TikTok has started shilling products for sale using videos that have nothing to do with shopping, as it continues its charge into e-commerce.

The company is using artificial intelligence to scan videos, identify items, and encourage users to buy similar products through its e-commerce marketplace, TikTok Shop. While TikTok has previously allowed creators to tag products in videos as part of its affiliate program, this new feature currently occurs without notifying the creator — and without the promise of a commission on sales their video helps drive.

A TikTok spokesperson said it’s an early-stage experiment with limited availability to a small subset of users in the US and UK, and that it may never officially launch. The company uses machine-object detection to identify products in videos and suggest similar product categories, they said.

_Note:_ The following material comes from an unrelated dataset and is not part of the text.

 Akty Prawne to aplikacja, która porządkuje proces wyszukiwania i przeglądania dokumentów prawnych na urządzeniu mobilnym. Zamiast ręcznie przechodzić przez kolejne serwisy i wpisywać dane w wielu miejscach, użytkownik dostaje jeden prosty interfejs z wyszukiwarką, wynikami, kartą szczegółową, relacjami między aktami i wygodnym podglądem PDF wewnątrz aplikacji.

Insider first discovered the feature on Sunday when a shopping button appeared on a video uploaded by an Insider reporter.

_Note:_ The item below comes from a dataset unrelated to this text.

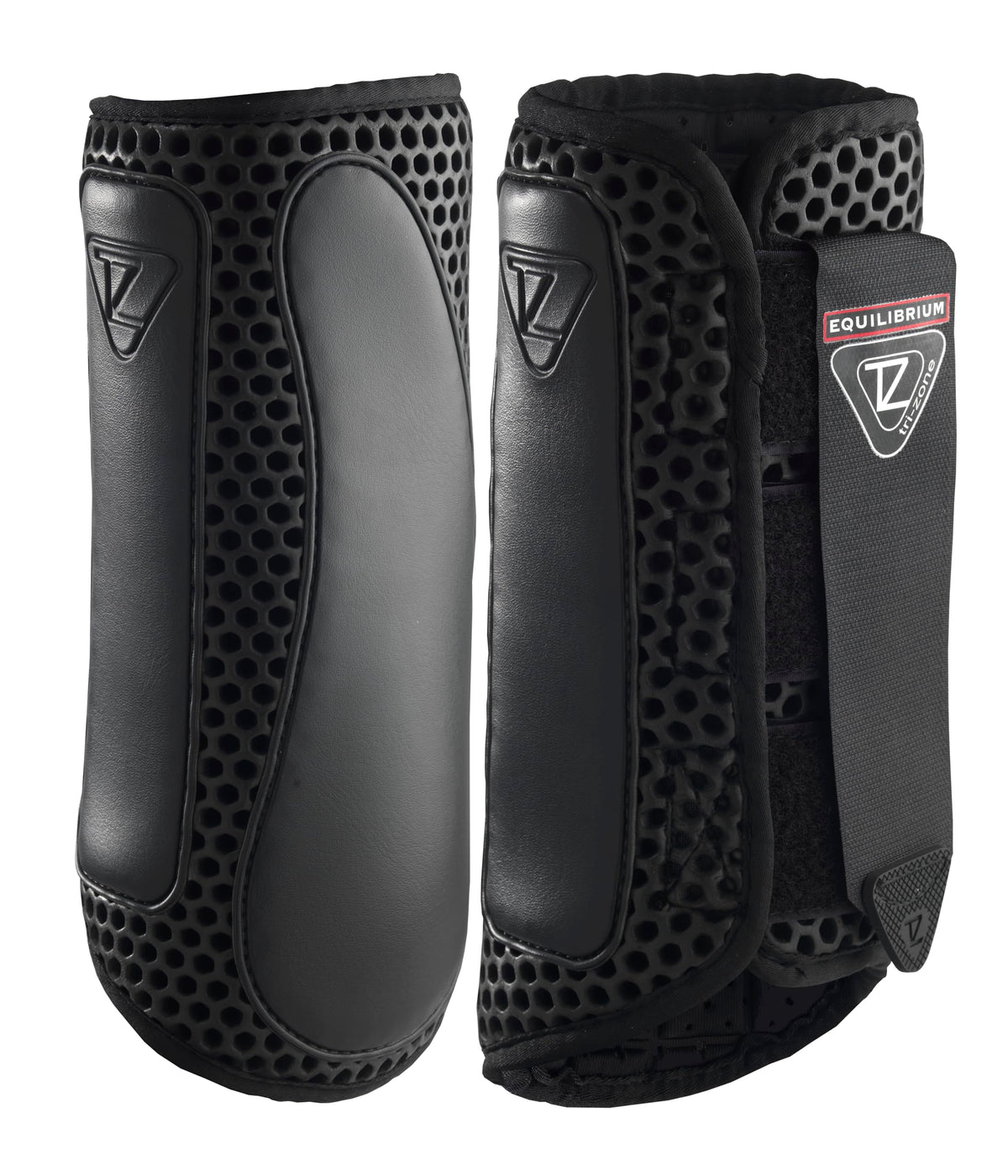 Tri-Zone Impact Sports Boots High impact horse cross country boots independently tested protection that you can trust that will also keep your horses’ legs cool allow them to move freely and won’t weigh them down or hold water. With maximum protection ideal for Cross Country Polo and Racing. THE DETAILS: • Protects from concussion and penetration injuries. Tested to protect if the horse was to hit a solid fence or strike itself.• Lightweight even when wet! Save your horse the effort and reduce tiredness.• Breathable horse boots allows heat to escape with unique multilayer mesh design. Keeping legs cool is so important for helping to prevent injury to tendons and ligaments.• Flexible design to allow freedom of the horses’ movement. Stiff or tight boots can affect stride and joint movement.• Trusted boots developed using latest research and independently tested. Read more about our testing.• Moulds round the leg for a perfect fit.• Specially designed front and hind boots.• Supplied in pairs. What is the inspiration behind the Impact Sports Boot?There are so many things to consider when purchasing horse boots Equilibrium wanted to offer a boot where you didnt have to compromise at all. Generally if you go for a hard shell/very protective boot it can be heavy inflexible and unbreathable. Likewise a lightweight boot might be more breathable and flexible but wont offer the protection that is needed. The Impact Sports Boots offers protection that is tested to withstand overreaching hitting a cross country fence etc yet still retains all the other desired features to keep your horse comfortable and their legs in good shape! Protection provided by the Impact Sports Boots for horses.The boot design uses a five-layer system each chosen for their unique properties.The first layer is providing an inner lining that sits against the horses leg. Made from perforated EVA (Ethyl

In the video, the reporter, Shriya Bhattacharya, was at a Diwali event and wearing a lehenga, a South Asian outfit featuring a blouse, skirt, and a dupatta, or long scarf. She used hashtags including #lehenga, #Diwali, and #diwaliglam. The video surfaced in another Insider reporter’s For You feed along with a call-to-action to find “more wedding dresses on TikTok Shop” with a “Shop now” button that opens into the app’s Shop tab. The button clicked to the Shop home page, not a specific page of wedding dresses.

TikTok did not inform Bhattacharya that her video would be used to sell items in Shop.

She said that while she was not at a wedding in the video, the off-white lehenga she wore could reasonably be worn by a bride, which may explain why TikTok’s system believed it was a wedding dress.

A search for “wedding dresses” in TikTok Shop reveals a variety of bridal gowns, including a “Sparkling Off-Shoulder Crystal Sequined Tulle Ball Gown Wedding Dress” for $973.99 and a “2 in 1 Sparkly Wedding Dress” available for between $1,650 and $1,750.

The arrival of shopping buttons on regular TikTok videos shows how deeply the company is integrating e-commerce into the app’s overall user experience. The company has been on an all-out blitz in recent months to make shopping take off — offering shipping deals and other discounts to sellers, paying bonuses to influencers who add affiliate links, and launching a series of Black Friday and Cyber Monday incentives for merchants.

TikTok isn’t the only social app to offer product tags in photos and videos. YouTube and Instagram have similar tagging features for users, and companies like Facebook, Snapchat, Pinterest, and Google have used machine learning to visually identify products in order to better recommend purchases to users. A bride or groom might use Pinterest as a mood board for wedding planning, for example.